CN211781496U - Active chilled beam device and chilled beam air conditioning system - Google Patents

Abstract

The utility model provides an active chilled beam device and chilled beam air conditioning system, main part, static pressure case, heat exchanger, metal mesh board and nozzle, the static pressure case set up in the inside top position of main part, the nozzle set up in static pressure case below, the heat exchanger set up in the inside below position of main part, the metal mesh board with the heat exchanger cooperation installation, the metal mesh board with be provided with the filter between the heat exchanger, the heat exchanger bottom is provided with water receiving mechanism, the double-layered siphon material that has in the filter, the nozzle lower extreme is provided with water collecting mechanism, water collecting mechanism with water receiving mechanism connects.
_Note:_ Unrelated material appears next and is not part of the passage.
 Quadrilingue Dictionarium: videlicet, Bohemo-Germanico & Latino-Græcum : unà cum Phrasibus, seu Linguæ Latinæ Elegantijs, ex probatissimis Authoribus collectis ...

The utility model provides a problem that active hanging chilled beam condensation water was collected, realize condensation water's abundant recycle simultaneously, prevent to gather and lead to the sanitary problem.

Description

Active chilled beam device and chilled beam air conditioning system

Technical Field

The utility model relates to a chilled beam air conditioner technical field, concretely relates to active chilled beam device and chilled beam air conditioning system.

Background

The existing active chilled beam basically does not have a perfect condensed water receiving design, and the condensed water phenomenon rarely occurs mainly because the chilled beam is designed for sensible heat exchange, and most designs prevent the condensed water phenomenon from occurring in the aspects of detection and control. The prior art disclosures do not have a corresponding structural design to receive the condensed water, substantially regardless of how the condensed water is collected and may occur.
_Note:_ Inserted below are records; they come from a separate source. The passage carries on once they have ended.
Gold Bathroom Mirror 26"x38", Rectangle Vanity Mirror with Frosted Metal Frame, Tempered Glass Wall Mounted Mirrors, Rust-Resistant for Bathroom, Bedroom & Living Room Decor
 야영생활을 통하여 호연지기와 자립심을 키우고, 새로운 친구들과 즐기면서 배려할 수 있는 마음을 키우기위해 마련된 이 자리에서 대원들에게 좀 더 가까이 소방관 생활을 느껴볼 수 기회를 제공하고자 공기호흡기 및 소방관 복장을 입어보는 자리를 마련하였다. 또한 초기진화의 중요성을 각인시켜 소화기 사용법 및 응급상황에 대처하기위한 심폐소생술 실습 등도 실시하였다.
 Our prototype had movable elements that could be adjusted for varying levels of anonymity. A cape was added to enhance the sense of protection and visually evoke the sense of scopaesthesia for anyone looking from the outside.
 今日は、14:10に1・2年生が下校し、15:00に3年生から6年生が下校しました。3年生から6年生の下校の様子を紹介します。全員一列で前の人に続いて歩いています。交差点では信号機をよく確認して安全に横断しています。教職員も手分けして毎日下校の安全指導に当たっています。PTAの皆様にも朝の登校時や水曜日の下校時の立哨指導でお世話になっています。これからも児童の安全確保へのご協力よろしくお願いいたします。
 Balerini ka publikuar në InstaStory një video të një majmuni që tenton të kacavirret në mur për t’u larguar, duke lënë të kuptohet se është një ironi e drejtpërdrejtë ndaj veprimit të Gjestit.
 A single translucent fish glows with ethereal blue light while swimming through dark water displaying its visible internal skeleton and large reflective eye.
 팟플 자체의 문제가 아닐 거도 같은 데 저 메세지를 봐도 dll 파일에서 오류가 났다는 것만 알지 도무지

The active cold beam mainly adopts cold water and hot water as media for heat exchange of the dry type coil pipe, condensation water does not exist during heat supply, and the temperature of chilled water is controlled not to be lower than the dew point temperature of air during refrigeration, so that the condensation water can be avoided. However, the temperature of the fresh air dried at low temperature is usually lower as the injection fluid, so that the surface temperature of the nozzle and the static pressure box is usually lower, and the indoor return air is likely to contact with the injection fluid to cause condensation. The more condensed water on the outer surface of the nozzle is gathered, the more condensed water is easily carried by the high-speed injection fluid to be blown out, and the phenomenon that the air is blown out with water is caused.

Or, because the indoor space gas tightness is not good (for example, the door and window is opened under the high temperature and high humidity weather), the temperature of the chilled water and the condensation prevention control can not rapidly cope with the emergency, and the condensation phenomenon of the dry coil pipe is very easily caused.
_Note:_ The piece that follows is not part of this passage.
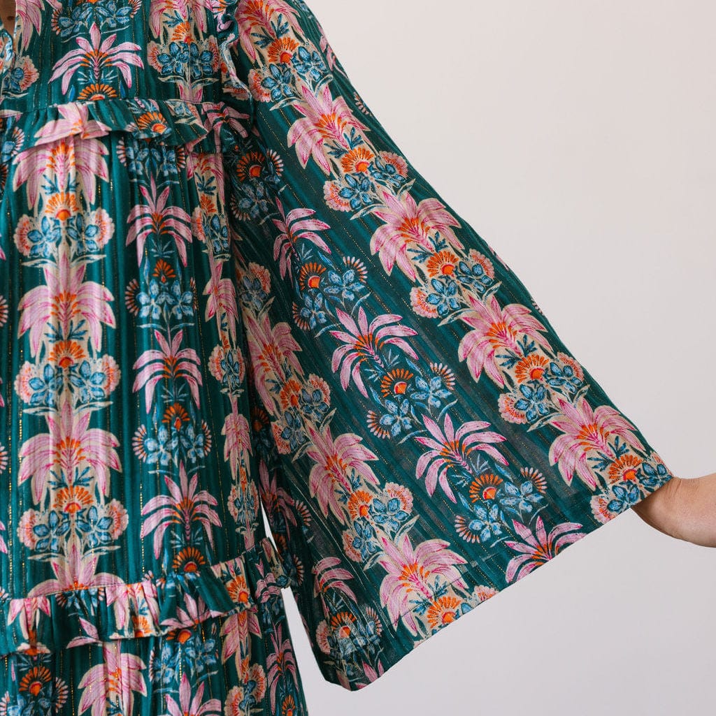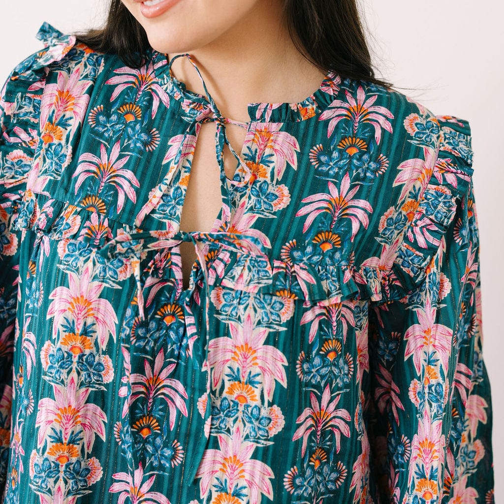 Escape to paradise in the Palm Royale Paradise Maxi Dress, showcasing a lush, tropical print with vibrant florals and shimmering accents. This breezy silhouette features ruffle detailing and a flattering tie neckline, perfect for a statement-making resort look.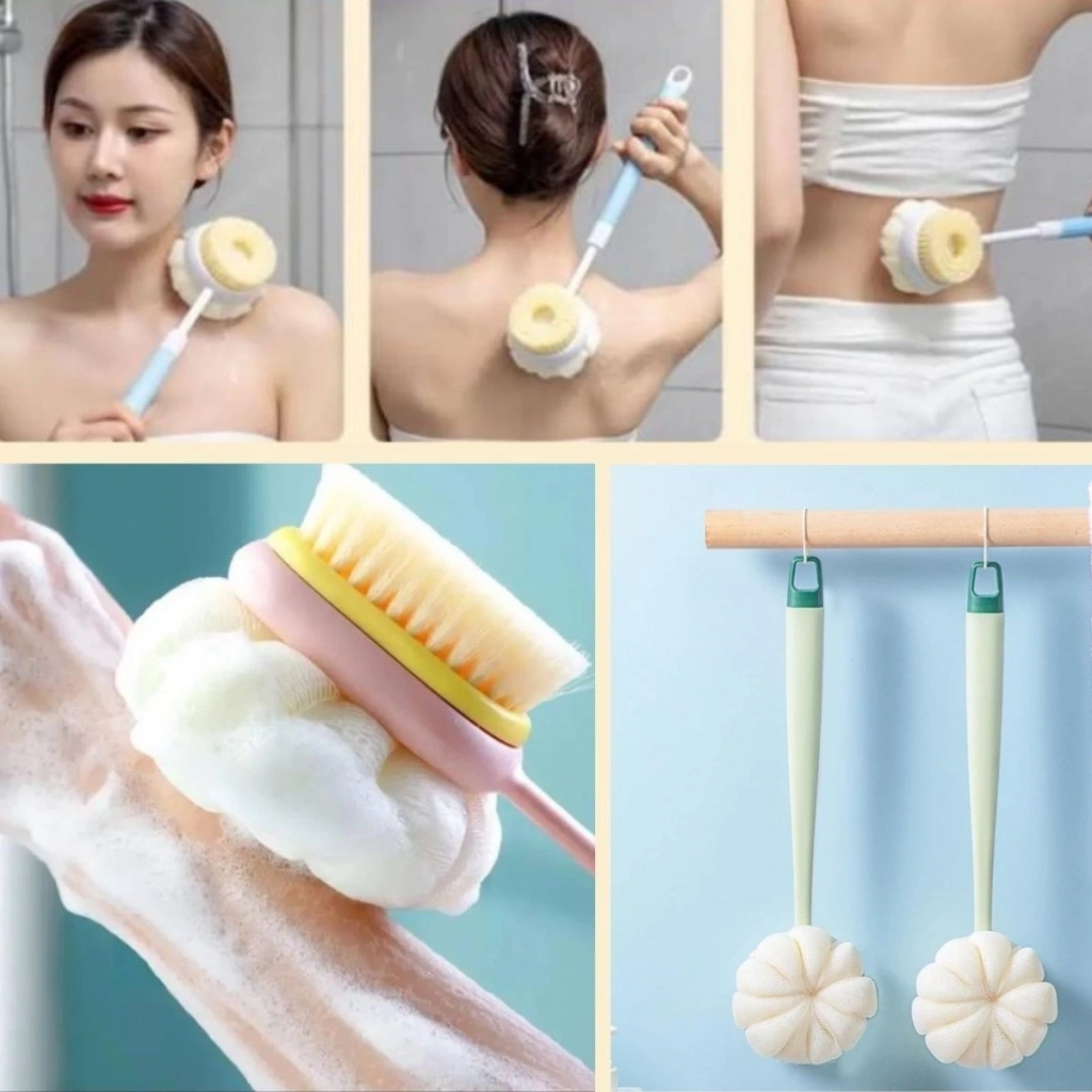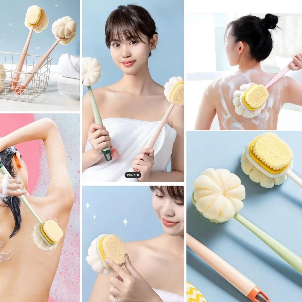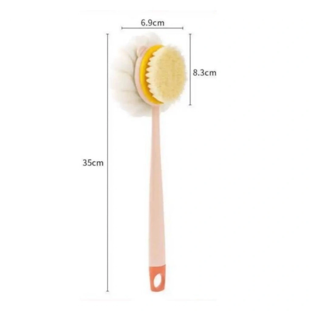 Adshome® 2’si 1 Arada Çift Taraflı Uzun Saplı Fırçalı Banyo Vücut Fırçası & Banyo Lifi

In order to avoid the possible dew condensation, it is necessary to design a dew condensation receiving device at the end of the active chilled beam, including a dry coil and a dew condensation collecting device at the outer surface of the low temperature fresh air flow passage.

SUMMERY OF THE UTILITY MODEL

Not enough to prior art, the utility model provides an automatic formula chilled beam device has solved the problem that active hanging chilled beam condensation water was collected, realizes condensation water's abundant recycle simultaneously, prevents to gather and leads to sanitary problem.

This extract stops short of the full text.